In another study, a cohort of 27 patients with Long-Covid including chronic fatigue syndrome, was treated twice with therapeutic apheresis.14 This study showed that after treatment, autoantibodies against β1 and β2 adrenergic receptors and muscarinic M3 and M4 acetylcholine receptors were reduced. A reduction in autoantibodies against ADRB2 was also observed in the present case.

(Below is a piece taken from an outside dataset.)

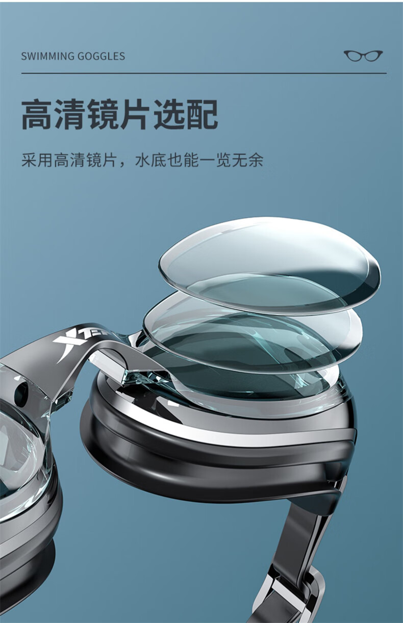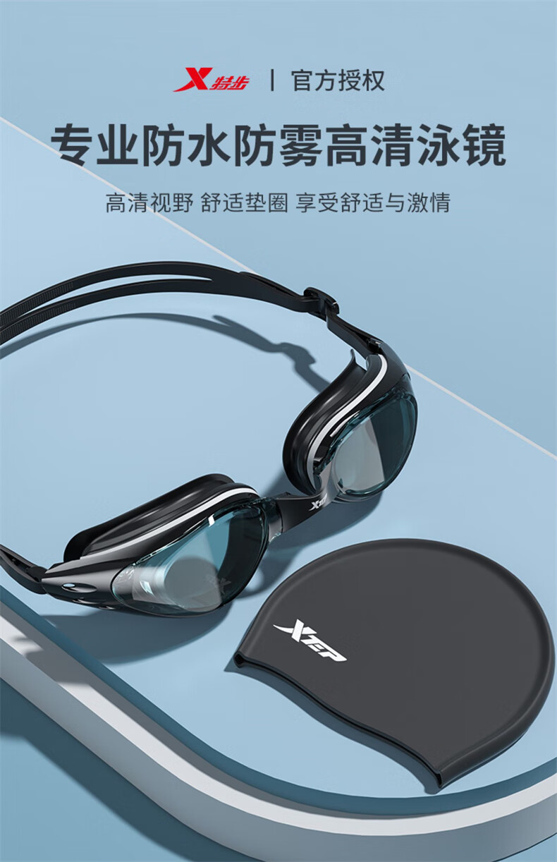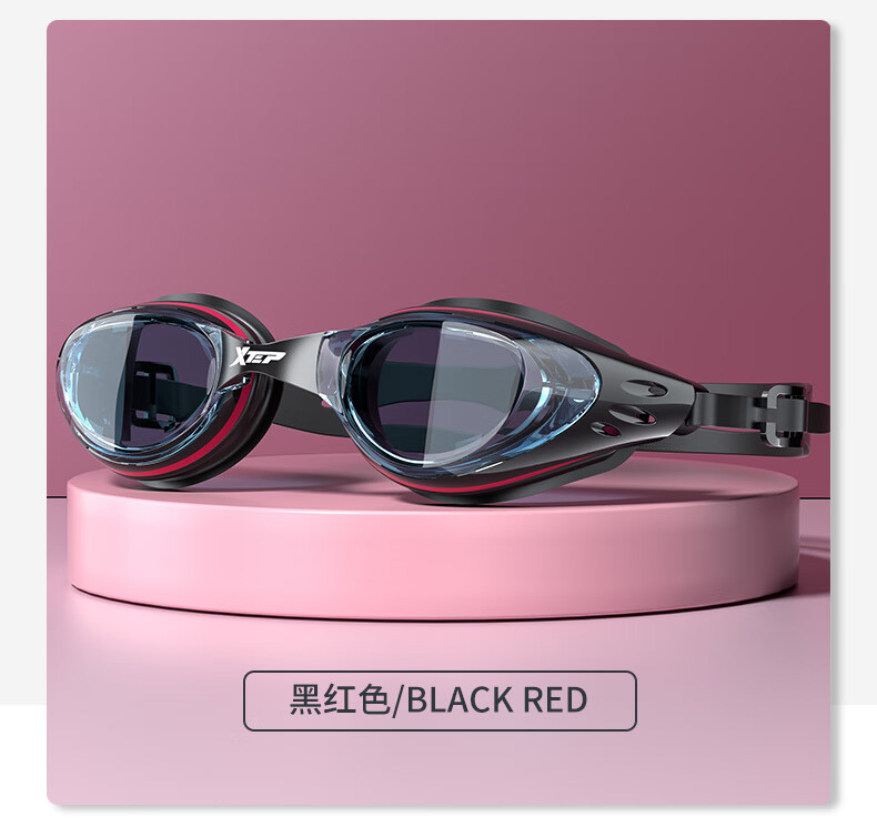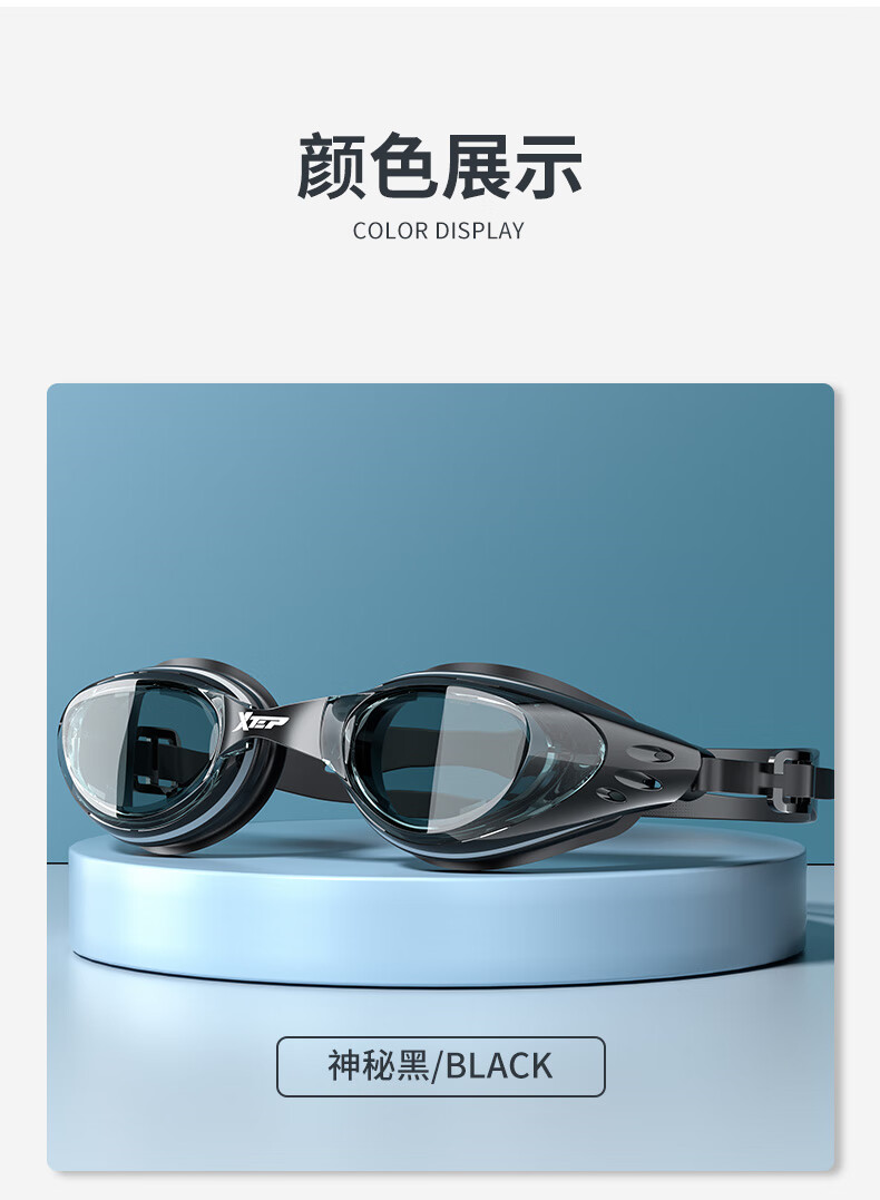 XTEP swimming goggles high-definition waterproof and anti-fog myopia degree swimming goggles for men and women adult professional diving and swimming equipment classic black flat light without myopia

Furthermore, our patient presented with increased C3d (complement cleavage product) circulating immune complexes in the eluate. A recent study investigated potential biomarkers in patients with Long-Covid demonstrating increased complement activation.16 It has been proposed that tissue injury may also be complement-mediated in Long-Covid patients and that complement activation may be driven by antigen–antibody complexes. Altered complement activation has furthermore been proposed to contribute to the development of neurodegenerative diseases.17 This might also play a role in ME/CFS. In our patient, the laboratory marker C3d circulating immune complexes was increased at the beginning of treatment, leading to the conclusion that the complement system was activated such that the resulting immune complexes could not be eliminated appropriately. Under physiological conditions, immune complexes are transiently formed to eliminate foreign antigens such as viruses or other infectious agents. However, if their formation exceeds the absorptive capacity of phagocytes, these complexes increase and may lead to tissue damage and further activation of the complement system. Various triggers can activate the complement system. As our patient showed increased T lymphocyte activity specific for herpes simplex I and II, Cytomegalovirus, Varicella Zoster in LTT before treatment initiation, it can be assumed that these herpes viruses may have contributed to complement activation. Treatment with extracorporeal double-filtration apheresis decreased C3d immune complexes, ß2-adrenerg autoimmune antibodies, and excess immunoglobulin formation. In addition, the patient’s clinical symptoms completely resolved.

Conclusion

In conclusion, the above-referenced studies support that therapeutic apheresis could be an effective treatment option for patients with ME/CFS. Here, we report a case of severe ME/CFS. The patient was treated with eight cycles of double-filtration apheresis until sustained clinical remission. Concomitant laboratory analyses revealed a reduction of increased laboratory parameters. Therefore, we consider double-filtration apheresis to be an effective and well-tolerated therapeutic option for treating ME/CFS.

Funding Statement

There is no funding to report.

Ethical Approval and Consent

Ethical approval is not required to publish the case details in accordance with local or national guidelines. The patient provided written informed consent for the publication of this case report and accompanying images.

Disclosure

Dr Harald Burgard reports to be a shareholder of MedSelect GmbH, outside the submitted work. The author reports no other conflicts of interest in this work.